The Suns sit at 14-13 and firmly entrenched as the final play-in team in the Western Conference in an offseason that was filled to the brim with anticipation after the trade for Bradley Beal.
Sure, health has been a factor in the slow start – the Suns and head coach Frank Vogel have utilized ten different starting lineup combinations this season.
But the issues Phoenix is dealing with transcends health. This is not a good basketball team at this juncture. The Suns must reassert themselves as legitimate contenders and time is quickly ceding for them to get things together for the long haul this season.
What exactly is wrong with the team?
Three main things we’ve noticed during this concerning stretch of basketball:
The Suns’ defense isn’t atrocious by any means. It isn’t historically bad like a team such as the Indiana Pacers.
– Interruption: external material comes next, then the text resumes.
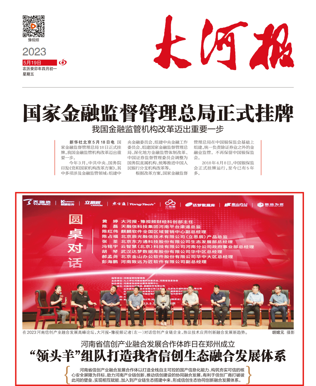 ±¾ÎÄ¿¯µÇÓÚ2023Äê5ÔÂ19ÈÕ´óºÓ±¨Í·°æºÍA02°æ

But it is bottom-10 in the league in defensive rating, and anyone who has consistently watched the team knows the effort just isn’t there. Miscommunication is running rampant. The sub-par personnel on the defensive side is finally catching up to the team.
As Bright Side of the Suns writer John Voita points out, a Frank Vogel-coached team has only improved their defensive rating from game 25 to 82 only three times in his ten full seasons as a head coach.
There is obviously reason to be pessimistic about the long-term outlook of this defense. The Suns don’t have an Anthony Davis. The Suns don’t have a Roy Hibbert. The Suns might have an Alex Caruso-lite but that simply isn’t enough to weather the storm in all likelihood.
This defense is undisciplined, poor at communicating assignments/switches, poor at defending in transition, and poor at rebounding.
There’s much work to be done, and little time to actually correct these problems.
The Suns’ offense came into the season with significant hype from national media. ESPN insider Brian Windhorst even suggested that they could potentially have the most productive offensive season of all time in 2023-24.
That hasn’t been anywhere near the case.
The Suns remain a good, not great offense, but the real concern is how the offensive is being implemented on the floor.
Suns associate head coach Kevin Young is widely believed to have a major say in the offense, but Suns fans shouldn’t tear into Young too much at this point – some of these problems lie on the players as well.
The most simple way to put things is the Suns’ offense is simply predictable, and that isn’t a good thing.
Kevin Durant is utilized in the same fashion virtually every game, the rim pressure has improved from last season but not drastically enough to make a difference, and the Suns have far too much variance when it comes to three-point attempts.
The Suns’ offense stagnated in the first half of a narrow win Sunday against a historically poor Washington Wizards defense – the team shot 2-for-19 from behind the arc in the first half and forced threes instead of pressuring the rim.